Justice Elena Kagan denied Apple’s emergency stay application on Wednesday on behalf of the court, declining to refer the request to the full bench. Apple now returns to Judge Yvonne Gonzalez Rogers in Oakland to argue over what commission, if any, it can lawfully charge on external-link app purchases.
The US Supreme Court on Wednesday declined to pause the lower-court order finding Apple in contempt in the long-running Epic Games App Store dispute. Reuters reported that Justice Elena Kagan, acting on behalf of the court, denied Apple’s emergency stay application without referring it to the full bench, in a procedural signal that the request was not a close call.
Kagan acted less than an hour after Epic’s opposition to Apple’s stay request was distributed, and before Apple had an opportunity to file a reply. The denial leaves the Ninth Circuit’s contempt finding in place while Apple’s underlying petition for certiorari proceeds.
The contempt finding originates with US District Judge Yvonne Gonzalez Rogers, who ruled in April 2025 that Apple had “wilfully” failed to comply with the anti-steering injunctions she issued in the original Epic Games v. Apple judgment. The Ninth Circuit upheld that ruling. The appellate panel rejected Apple’s argument that the contempt order should be paused while the company sought Supreme Court review.

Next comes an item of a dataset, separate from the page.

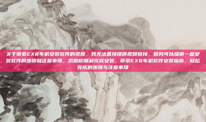 关于帝豪EX8车机安装软件的视频内容无法直接提供,但以下是安装软件的步骤和注意事项,供参考:,1. **准备工作**:确保车辆处于安全状态,断开电源或使用安全绳固定车辆,备份重要数据,如导航地图、音乐等,以防数据丢失。,2. **安装步骤**:, - 使用专用工具断开车机电源。, - 连接电脑与车机,选择合适的软件版本进行安装。, - 按照提示完成软件安装,确保安装过程无误。, - 重启车机,测试功能是否正常。,3. **注意事项**:, - 安装前确认软件版本与车辆匹配,避免因版本不兼容导致问题。, - 安装过程中不要中断电源,以免损坏设备。, - 安装完成后,检查功能是否正常,必要时恢复备份数据。, - 如不确定操作,建议寻求专业人员帮助。,通过以上步骤和注意事项,可以顺利完成帝豪EX8车机软件的安装。
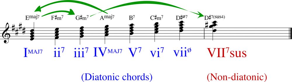 Figure 6: Diatonic Chords in the Key of E, and Silk Sonic’s “Sus” Version of the 7th Degree

The substantive question is what commission, if any, Apple can charge on payments made through external links inside iOS apps. Before Gonzalez Rogers’s contempt ruling, Apple had been charging 27 per cent on those payments, three percentage points lower than the standard App Store rate. The judge’s contempt order extended the original anti-steering injunction to bar Apple from collecting any fees on third-party storefronts. Apple has not been charging commission on external-link payments for nearly a year as a result.
Apple’s Supreme Court filing argued that the order forces the company to forgo billions of dollars in commission revenue while its appeal is pending. Epic’s chief executive Tim Sweeney, accused Apple of “stall tactics” in seeking a stay so soon after the Circuit Court ruling. Wednesday’s denial means the financial pressure remains in place while the cert petition is considered.
The case now returns to Judge Gonzalez Rogers in Oakland, per US News’ confirmation of the procedural posture. Her court will determine what commission, if any, Apple can lawfully charge developers for purchases made from external-link redirections. The judge has previously referred the matter to the federal attorney’s office for possible criminal contempt proceedings, finding that Apple executives lied under oath about the company’s compliance approach.
The original Epic Games v. Apple ruling dates back to 2021 and was largely a victory for Apple, with the Supreme Court declining to hear cross-appeals in January 2024. The anti-steering provision, which requires Apple to allow developers to link from iOS apps to external payment options, is the only part of the judgment that went against the company. The compliance question around that provision is now in its fourth year of litigation.
Apple’s Supreme Court petition for certiorari, filed in early April, asks the court to consider both the contempt finding itself and the scope of the original injunction. The court has not yet decided whether to take the case. Wednesday’s denial of a stay is a separate procedural matter from the cert question, but it removes Apple’s ability to delay implementation of Judge Gonzalez Rogers’s order while the cert petition is pending.
The next material step is the proceeding in Oakland on the lawful commission rate. There is no fixed timeline for that determination, and any ruling Judge Gonzalez Rogers issues will itself be subject to appeal. The fee dispute that began with Epic’s 2020 lawsuit against Apple is, on Wednesday’s evidence, structurally far from over.